Nineteen U.S. judges made preliminary rulings in Chevron’s favor and at least four used the word “fraud” to describe the plaintiffs’ legal actions, but the Justice Department has yet to investigate. RICO, best known for nailing Mafia bosses, also is used (sometimes abusively) to bring down alleged corporate scofflaws when a pattern of fraud or corruption is broad enough to qualify as a “criminal enterprise.” Chevron is using part of the statute allowing private individuals to file civil RICO suits claiming they’ve been harmed by such an operation.
The original suit alleged that Texaco (later merged into Chevron) left environmental damage when its 20-year drilling lease in Ecuador expired in 1992. Quito’s previous government - before being replaced by radical, anti-American leftists - officially absolved Texaco of responsibility in 1998. The suit, however, persisted, driven mostly by U.S. plaintiff lawyer Steven R. Donziger and egged on by Ecuadorian President Rafael Correa. The latest claims against Chevron total $113 billion.
Over the past two years, numerous embarrassing revelations about the plaintiffs have come to light, including video of an Ecuadorian judge seeming to join a bribery scheme, a scientific expert alleging the Donziger team falsely signed his name on a report, and film out-takes showing Mr.

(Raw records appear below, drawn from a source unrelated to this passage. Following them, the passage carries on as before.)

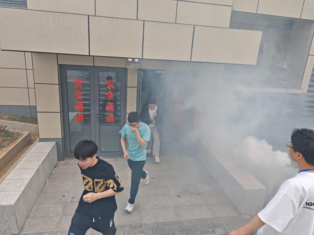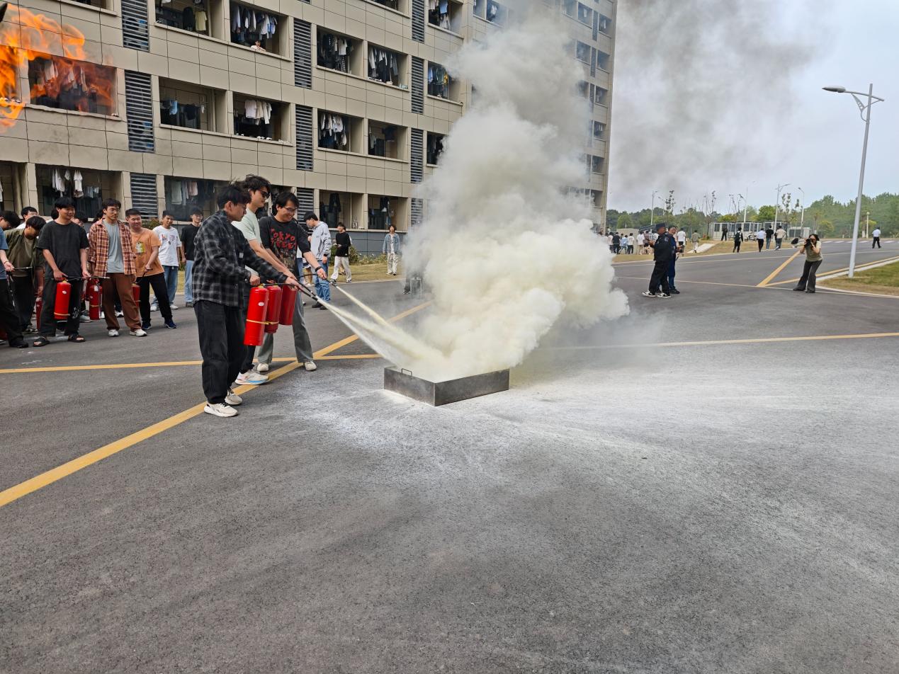 隨著消防警報聲響起,演練進入實戰(zhàn)環(huán)節(jié)。點火組按預案在公寓樓內(nèi)施放環(huán)保煙霧模擬火情,公寓值班人員立即啟動應急響應:立即報警、切斷電源、停運電梯、開啟應急通道。各樓層學生在疏散引導員的指揮下,捂住口鼻,彎腰低姿,按疏散路線有序撤離至戶外集結(jié)點。與此同時,滅火組使用滅火器迅速撲滅“火源”,完整演練了火災應急處置全流程。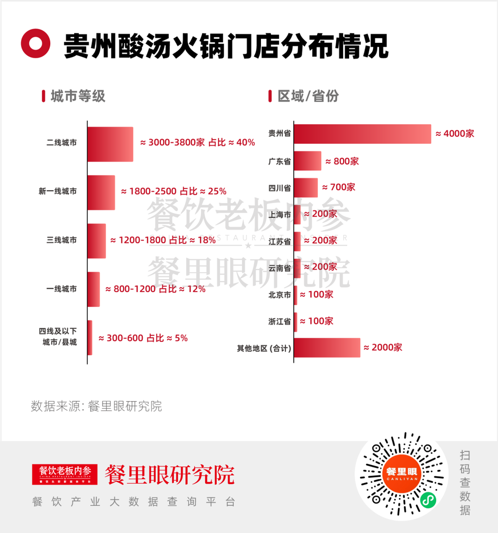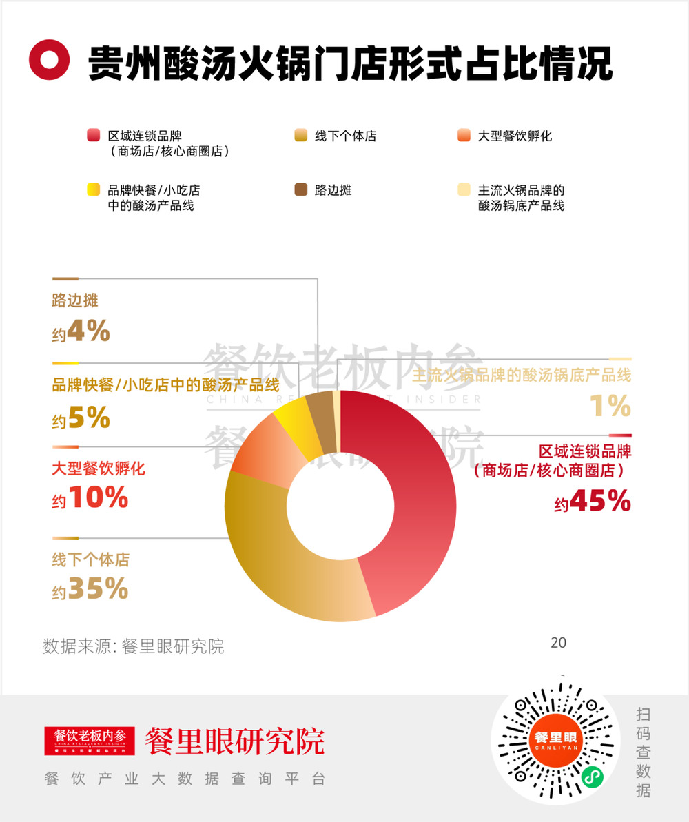 贵州酸汤风味在网络平台迅速传播至全国市场,各地陆续出现贵州酸汤火锅个体店或区域小连锁品牌。这类独立个体餐厅占比大约 35%,门店市场分散度高,但更强调正宗贵州酸汤口味。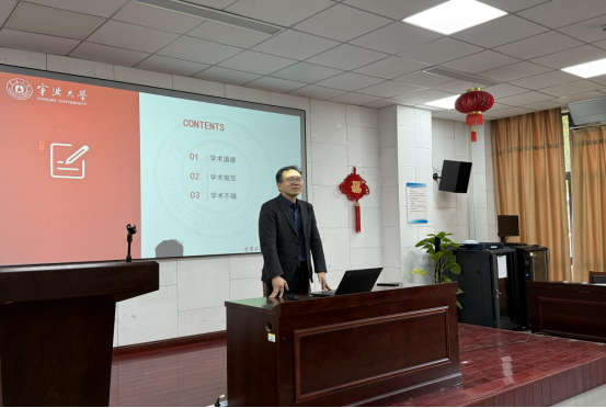 姜海波教授深入解读了学术道德的重要性、学术规范的具体要求以及学术不端的危害性,他结合国内外典型案例,系统剖析了学术造假、剽窃、数据篡改等行为的危害,详细讲解了学术引用的规范、成果署名原则以及实验数据的真实性要求。他特别指出,学术道德不仅是规则约束,更是学者自律精神的体现,“要让科研领域成为阳光下最纯洁,最神圣的一方净土”。他呼吁学生们要大力弘扬科学精神,恪守学术道德,以严谨的科研态度和强烈的社会责任感着力推进学术道德建设。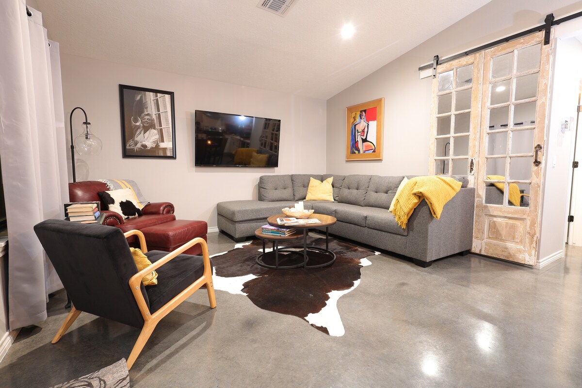 Un cottage di 28 metri quadrati con servizi moderni e un tema industriale, immerso in tranquillità su una vecchia strada agricola alla periferia di Round Top, in Texas, con ingresso SENZA CHIAVE (nessuna chiave con cui preoccuparsi). Il Yellow Rose Cottage è stato progettato per il comfort dei nostri ospiti. Nota: abbiamo un totale di 5 cottage sulla proprietà per gruppi più grandi. Padiglione di 390 metri quadrati con un'area comune disponibile per l'affitto. Contatta Eva per maggiori informazioni.

Donziger bragging about how he curried favor with Ecuadorian officials and supposedly independent experts. A New Jersey federal judge wrote Mr. Donziger’s conduct likely amounted to “a fraud on the judicial proceeding.” A North Carolina federal judge wrote, “What has blatantly occurred in this matter would in fact be considered fraud by any court.” Judge Kaplan earlier stated, “Donziger’s own words raise substantial questions as to his possible criminal liability and amenability to professional discipline.”
Philadelphia lawyer Joseph Kohn, who financed much of Mr. Donziger’s case, admitted, “Increasingly, I have come to realize that my firm and I were deceived, in part apparently driven by a combination of Donziger’s conceit and naivete, a dangerous combination which is leading the case rapidly toward disaster.” Mr. Kohn added that Mr. Donziger’s actions “may have been outrageously improper conduct.” It’s past time for the Justice Department to look into this mess.